[[ GIVEN DATA open ]]
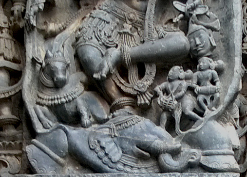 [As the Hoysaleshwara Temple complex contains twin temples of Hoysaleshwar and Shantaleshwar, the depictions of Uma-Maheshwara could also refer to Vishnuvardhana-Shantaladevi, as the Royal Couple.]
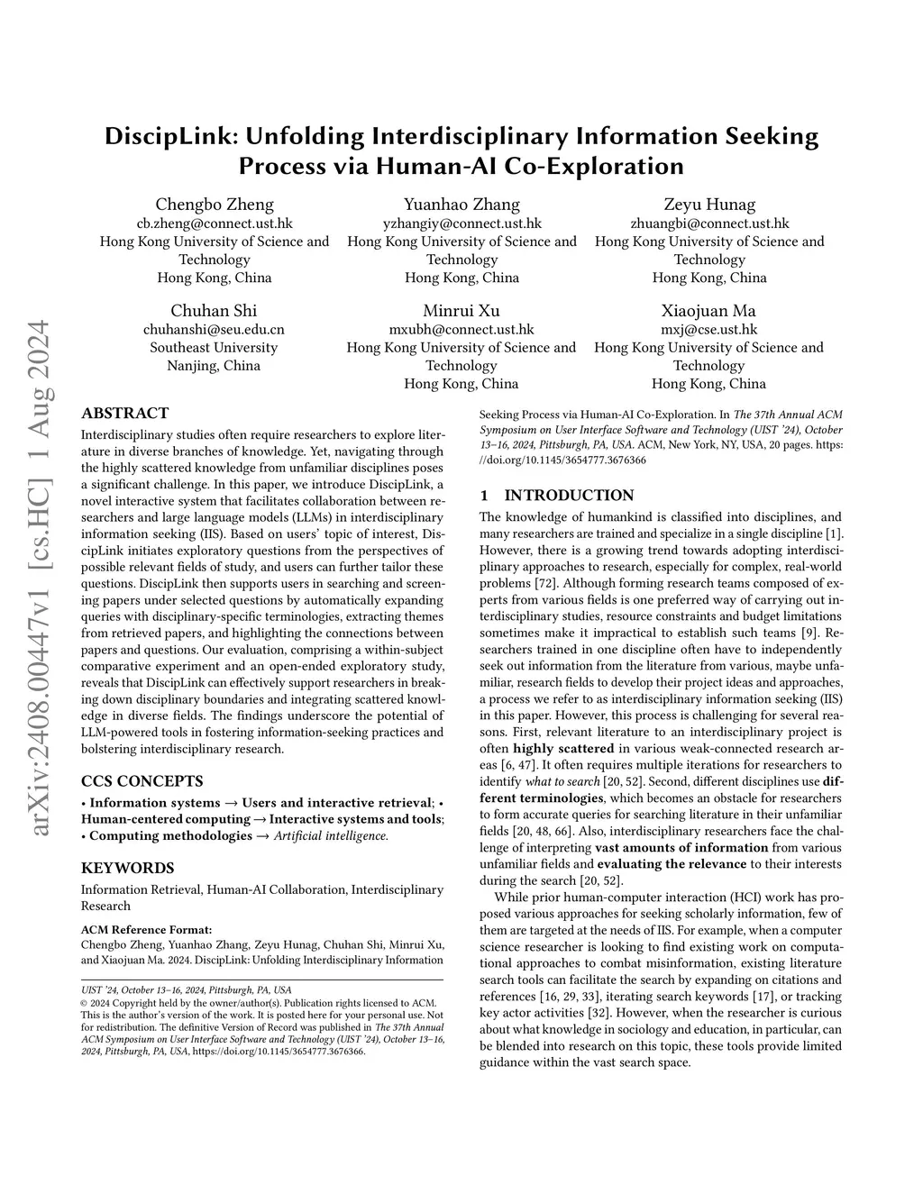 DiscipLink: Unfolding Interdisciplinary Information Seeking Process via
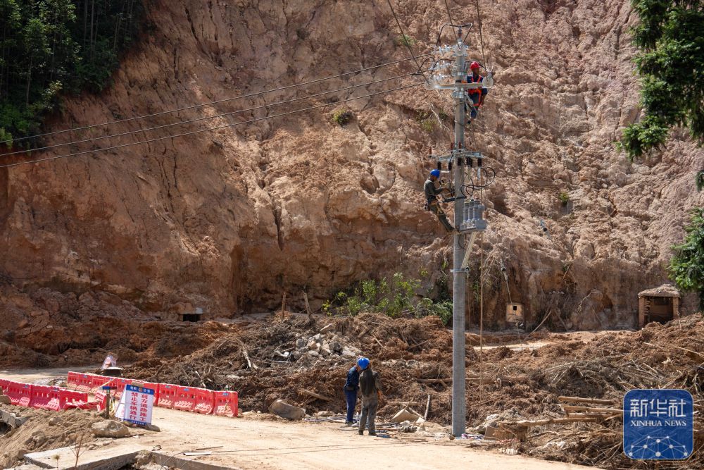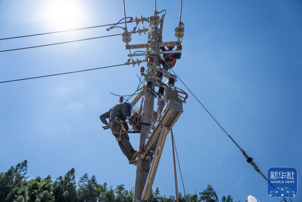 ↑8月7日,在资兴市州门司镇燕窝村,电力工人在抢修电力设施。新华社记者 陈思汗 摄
[[ GIVEN DATA closed ]]
[[ GIVEN DATA open ]]
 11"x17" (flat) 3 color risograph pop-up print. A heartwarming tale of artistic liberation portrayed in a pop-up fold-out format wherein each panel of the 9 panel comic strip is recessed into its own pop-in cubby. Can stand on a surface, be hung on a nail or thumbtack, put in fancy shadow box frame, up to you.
[[ GIVEN DATA closed ]]
Set down again, word for word, every line from the one with "[As the Hoysaleshwara" to the one with "DiscipLink: Unfolding Interdisciplinary" in the entries above, and omit the pictures.

 [As the Hoysaleshwara Temple complex contains twin temples of Hoysaleshwar and Shantaleshwar, the depictions of Uma-Maheshwara could also refer to Vishnuvardhana-Shantaladevi, as the Royal Couple.]
 DiscipLink: Unfolding Interdisciplinary Information Seeking Process via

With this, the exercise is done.